Reproduce word for word the line holding "This whimsical floral" and all lines after it in the data, through the end, leaving out pictures.

▸ SUPPLIED MATERIAL:
((
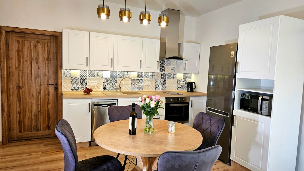 Nově vybudovaný apartmán 2+kk v klidné části města s terasou, wifi, parkováním a uzamykatelnou kolárnou. Ubytování se nachází pouze 20 minut chůze do centra města. Maximální kapacita 4 osoby. V přízemí apartmánu je vybavená kuchyň s ledničkou, indukční varnou deskou, kávovarem a myčkou. V patře se nachází obývací pokoj s rozkládací pohovkou a ložnice s manželskou postelí se vstupem na terasu. V blízkosti apartmánu je cyklostezka (60m), supermarket (300m), koupaliště (350m) a nádraží (700m).
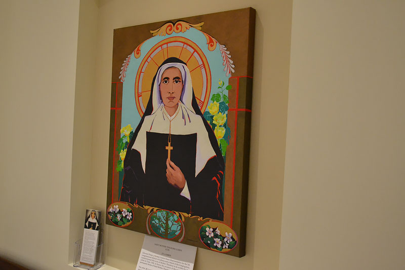 The image became an instant favorite for some sisters and staff members. The brightness of color, Mother Theodore’s beautiful countenance and penetrating eyes readily take the viewer in. The inclusion of familiar symbols like tulip tree blossoms, white violets and fleur-de- lis only add to the pleasure of viewing it. One just naturally wants to “spend some time with it.”
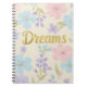 This whimsical floral pattern features a delicate pastel color palette, creating a soft and dreamy aesthetic. The design showcases an enchanting arrangement of pastel flowers and foliage, perfect for adding a touch of feminine charm and romantic elegance. The cover is beautifully adorned with a shiny gold foil inscription of the word "Dreams," adding a luxurious and inspiring element. This design is ideal for those seeking a pretty floral design with a touch of gold, evoking feelings of serenity and inspiration.
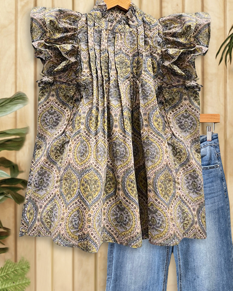 Tribal Print Pleated Detail Retro Ruffles T-Shirt
))
▸ EXERCISE RESULT:
 This whimsical floral pattern features a delicate pastel color palette, creating a soft and dreamy aesthetic. The design showcases an enchanting arrangement of pastel flowers and foliage, perfect for adding a touch of feminine charm and romantic elegance. The cover is beautifully adorned with a shiny gold foil inscription of the word "Dreams," adding a luxurious and inspiring element. This design is ideal for those seeking a pretty floral design with a touch of gold, evoking feelings of serenity and inspiration.
 Tribal Print Pleated Detail Retro Ruffles T-Shirt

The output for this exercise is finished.